TASK TO COMPLETE
Please repeat the records exactly. The pictures are to be left out.

SOURCE DATA
::::::::::
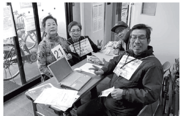
園田支部 出資コーナー

診療所待合室などでの組合員による出資コーナーが広まり始めています。診療所やデイサービスを利用している方で未加入の方には加入にもつながればと思っています。
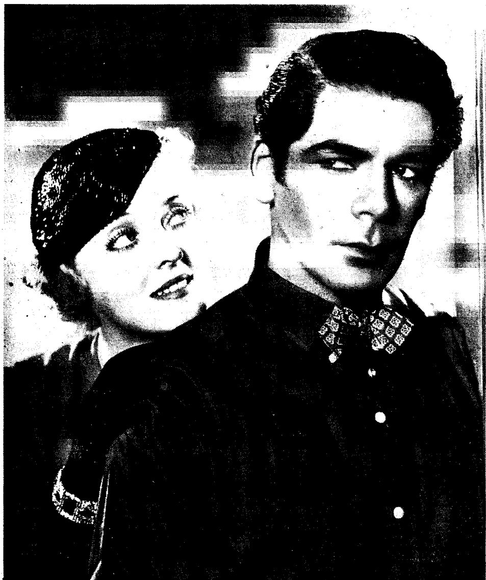
Bette Davis en Paul Muni in «De twee Werelden».
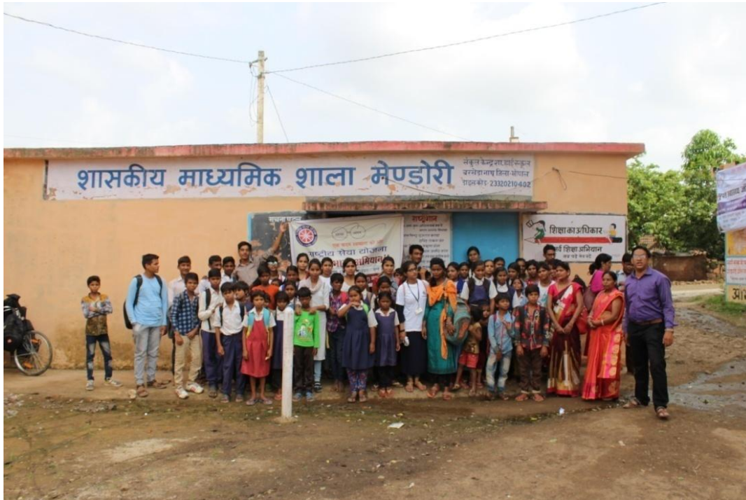
मेण्डोरी ग्राम में स्वच्छता अभियान
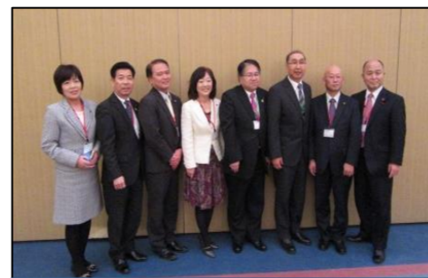
公明党議長・副議長8名参加

2月3日、蒲郡市にて愛知県市議会議長会定期総会が行われました。総会では各市からいろいろな議案が提出されました。また意見交換会もあり、有意義な会合となりました。
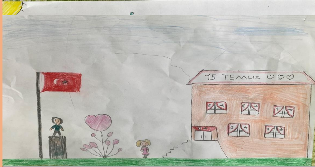
NİSANUR TÜRKMEN – 4/A SINIFI

Komutanından aldığı emirle, Özel Kuvvetler Komutanlığı'nı işgal etmeye gelen darbeci general Semih Terzi'yi gözünü kırpmadan öldüren Ömer Halis Demir, 17 kurşunla vatan toprağına düştü.
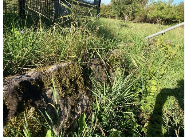
Abb. 7: Abb. 9: Südliche Trockenmauer, im Hintergrund Streuobstwiesen

Das Plangebiet liegt innerhalb der geologischen Einheit der Grabfeld-Formation (Gipskeuper). Die natürlichen Bodenpotenziale sind im Untersuchungsgebiet bereits durch das Gebäude „Alte Kelter“ und die damit einhergehende Versiegelung gestört. Die Funktionen „Filter und Puffer für Schadstoffe, Infiltration in das Grundwasser, Standort für seltene Vegetation und Standort für die landwirtschaftliche Produktion“ können daher nur geringfügig erfüllt werden. Die Leistungsfähigkeit und die Empfindlichkeit sind „gering“ ausgeprägt.
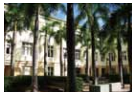
オーストラリア多文化共生社会体験(クイーンズランド工科大学)
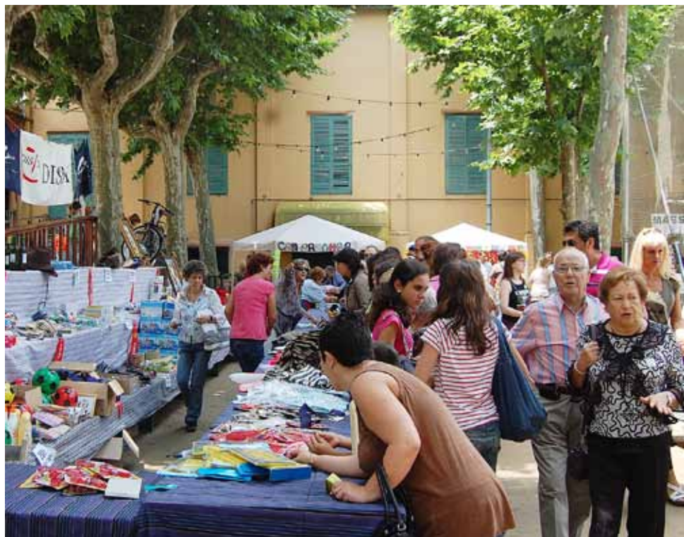
La celebració es va dur a terme al pati del Casino.

El diumenge 5 de juny, el pati del Casino va acollir el Festival pro Disminuïts Psíquics del Masnou, que com cada any celebra l'entitat DISMA, amb la col·laboració d'entitats, artistes i escoles del Masnou, per tal d'unir el poble per a una bona causa. Durant tota la jornada, es van fer diferents activitats
::::::::::
COMPLETED TASK
園田支部 出資コーナー

診療所待合室などでの組合員による出資コーナーが広まり始めています。診療所やデイサービスを利用している方で未加入の方には加入にもつながればと思っています。
Bette Davis en Paul Muni in «De twee Werelden».
मेण्डोरी ग्राम में स्वच्छता अभियान
公明党議長・副議長8名参加

2月3日、蒲郡市にて愛知県市議会議長会定期総会が行われました。総会では各市からいろいろな議案が提出されました。また意見交換会もあり、有意義な会合となりました。
NİSANUR TÜRKMEN – 4/A SINIFI

Komutanından aldığı emirle, Özel Kuvvetler Komutanlığı'nı işgal etmeye gelen darbeci general Semih Terzi'yi gözünü kırpmadan öldüren Ömer Halis Demir, 17 kurşunla vatan toprağına düştü.
Abb. 7: Abb. 9: Südliche Trockenmauer, im Hintergrund Streuobstwiesen

Das Plangebiet liegt innerhalb der geologischen Einheit der Grabfeld-Formation (Gipskeuper). Die natürlichen Bodenpotenziale sind im Untersuchungsgebiet bereits durch das Gebäude „Alte Kelter“ und die damit einhergehende Versiegelung gestört. Die Funktionen „Filter und Puffer für Schadstoffe, Infiltration in das Grundwasser, Standort für seltene Vegetation und Standort für die landwirtschaftliche Produktion“ können daher nur geringfügig erfüllt werden. Die Leistungsfähigkeit und die Empfindlichkeit sind „gering“ ausgeprägt.
オーストラリア多文化共生社会体験(クイーンズランド工科大学)
La celebració es va dur a terme al pati del Casino.

El diumenge 5 de juny, el pati del Casino va acollir el Festival pro Disminuïts Psíquics del Masnou, que com cada any celebra l'entitat DISMA, amb la col·laboració d'entitats, artistes i escoles del Masnou, per tal d'unir el poble per a una bona causa. Durant tota la jornada, es van fer diferents activitats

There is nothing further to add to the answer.